Cement-based batteries to turn concrete buildings into giant energy reserves

Cement-based batteries to turn concrete buildings into giant energy reserves


Researchers at Chalmers University of Technology in Sweden have published unique research into the idea of rechargeable batteries made from cement. The team, led by Dr Emma Zhang and Prof Luping Tang at the institution’s Department of Architecture and Civil Engineering, believes the development of this technology may yield a future where 20-storey concrete buildings can store energy as one giant battery.

The concept for Chalmers’ battery system begins with a cement-based mixture, to which small amounts of short carbon fibres are added to increase the material’s conductivity. A metal-coated carbon fibre mesh is then embedded within the mixture, with iron for the anode and nickel for the cathode, forming a high-strength battery system on an architectural or urban scale.

The research, published in the scientific journal Buildings, estimates that the new battery’s capacity performs 10 times higher than earlier attempts at concrete batteries. The energy density of the battery, seven watthours per square metre, is still low in comparison to commercial batteries.
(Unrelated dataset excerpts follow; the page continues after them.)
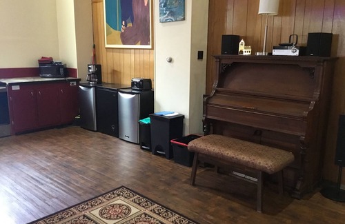 The Church House is fully equipped with all amenities: FREE INTERNET , satellite TV in 2 bedrooms and a 50 inch smart-TV in the living room, dishwasher, 2 small fridges, 1 large full size fridge in the basement, a small chest freezer, microwave oven, stove, toaster, electric water kettle, crock pot, standard coffee maker with permanent filter, 40- cup coffee urn, pots, pans, glasses, cutlery, etc.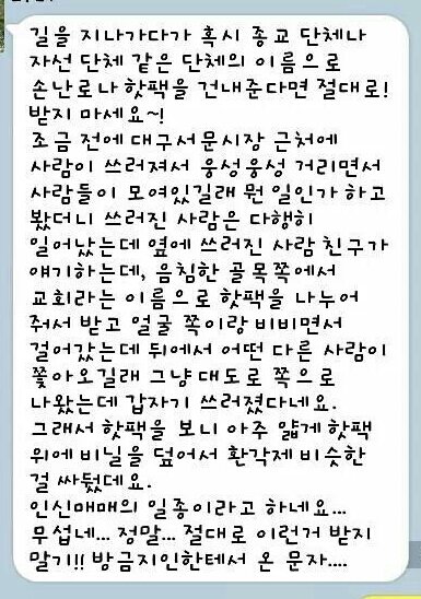 모르는 사람이 건네는 무언가도 절대 받지마셔요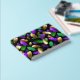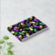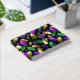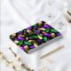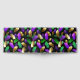 Seamless pattern of bright purple, green, and gold feathers on black Mardi Gras background. Design for the Mardi Gras holiday.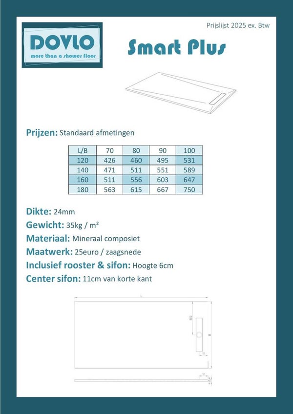Dovlo Smart Plus Breedte 80 / 90 / 100cm x Lengte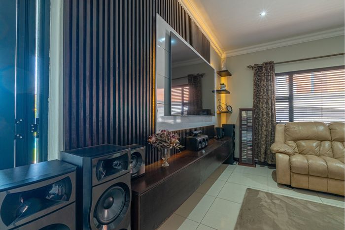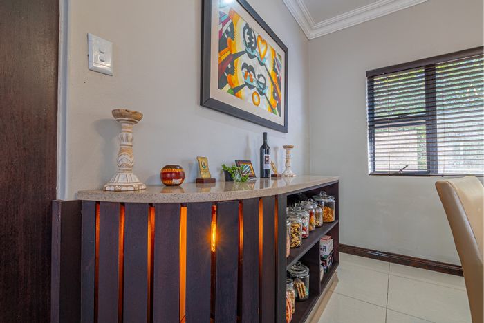 Peaceful street steps from the lifestyle centre — ambient-lit wooden deck and glass door lead to open-plan living with scullery, braai patio and cycad garden. 4 beds, 3 baths, 2-car garage.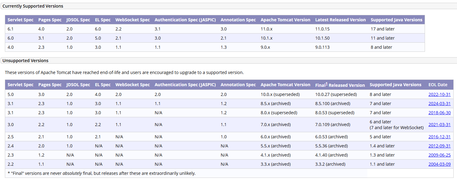 - 버전 5.5 이후는 기본적으로 Java SE 5.0 이후를 대응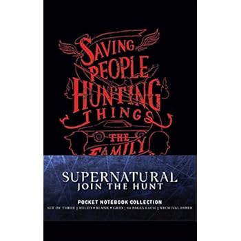 Celebrate your love of the hit show Supernatural with this stylish pocket notebook collection. Join the hunt and pay homage to the Winchester Brothers with this set of three handy pocket notebooks. Each one features a hilarious and iconic quote from the show and contains sixty-four ruled, blank, or grid acid-free pages that allow fans to chronicle their own adventures. This portable, unique collection is a must-have for any enthusiast of Supernatural.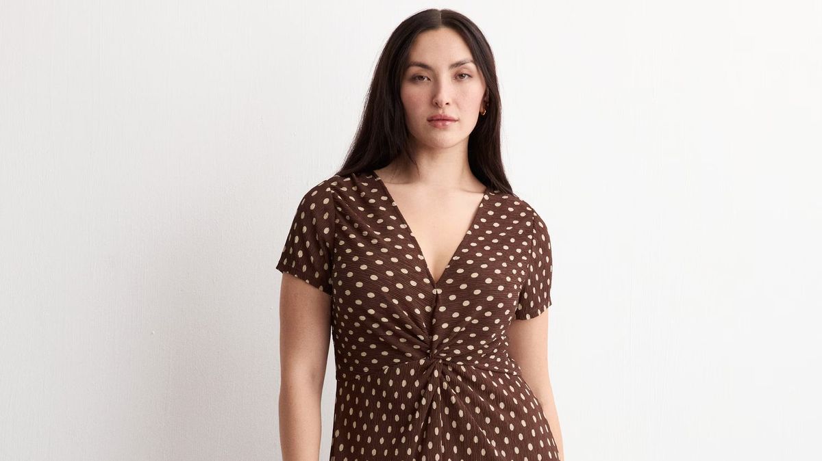 „Určitě bych doporučila výstřih, ideálně do véčka,“ říká stylistka na otázku, na co se při výběru jarních šatů pro plnější poprsí zaměřit jako první. Právě véčkový výstřih patří k nejjednodušším způsobům, jak siluetu opticky zjemnit.

However, the team believes this is negated by the large volumes at which the battery can be constructed when used in a building’s structural and façade systems.
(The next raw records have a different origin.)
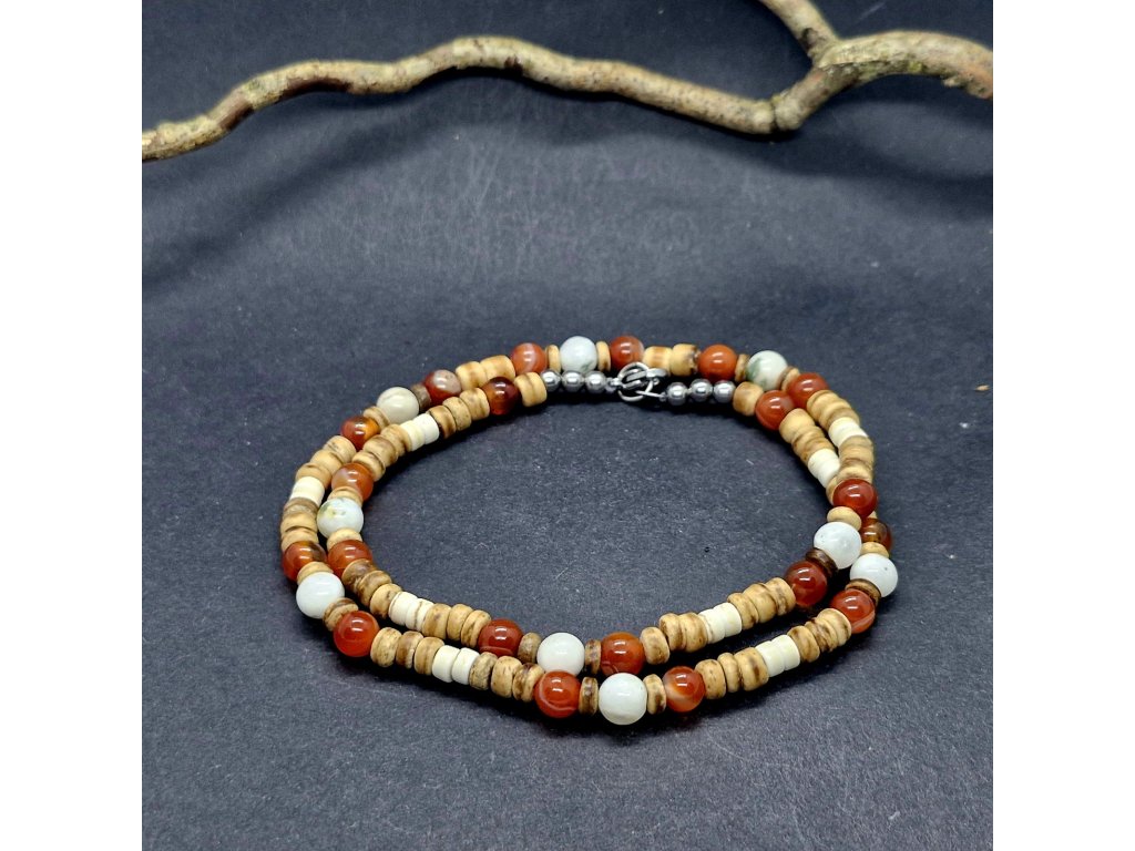 - Karneol: Výrazné korálky z karneolu přinášejí do designu syté, zemité tóny oranžovo-červené barvy. Karneol je tradičně kamenem vitality, odvahy a motivace. Dodává energii a pomáhá při rozhodování.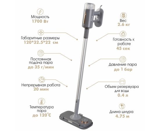 Представляем вам потрясающую паровую швабру VLK Rimmini-8200, которая сделает уборку вашего дома быстрой, эффективной и безопасной. Швабра имеет мощность 1700Вт, что позволяет достичь высокой производительности и идеальной чистоты.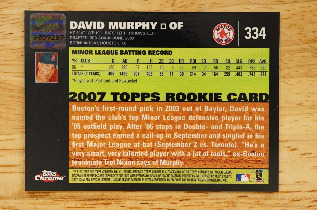 2007 Topps Chrome #334 David Murphy Rookie Auto Card Boston Red Sox Baseball

If used at scale, the researchers see the technology as offering an alternative response to the energy crisis. As concrete is one of the world’s most common, but least environmentally friendly building materials, the application of functions such as energy storage could offer a new dimension to how concrete is used in future buildings.

“We have a vision that in the future this technology could allow for whole sections of multi-storey buildings made of functional concrete. Considering that any concrete surface could have a layer of this electrode embedded, we are talking about enormous volumes of functional concrete,” says Zhang.

The team points to the battery’s recharging capability as a vehicle for multiple applications. Aside from energy storage, the system could power LEDs, provide 4G connections in remote areas or offer cathodic protection against corrosion in concrete infrastructure.

“It could also be coupled with solar cell panels for example, to provide electricity and become the energy source for monitoring systems in highways or bridges, where sensors operated by a concrete battery could detect cracking or corrosion,” Zhang explains.

Though promising, the research remains at an early stage. The team is now working on solutions to technical questions such as how the service life of the batteries could be prolonged to match those of concrete structures, and how the material may be recycled.

“Since concrete infrastructure is usually built to last 50 or even 100 years, the batteries would need to be refined to match this, or to be easier to exchange and recycle when their service life is over,” says Zhang. “For now, this offers a major challenge from a technical point of view.”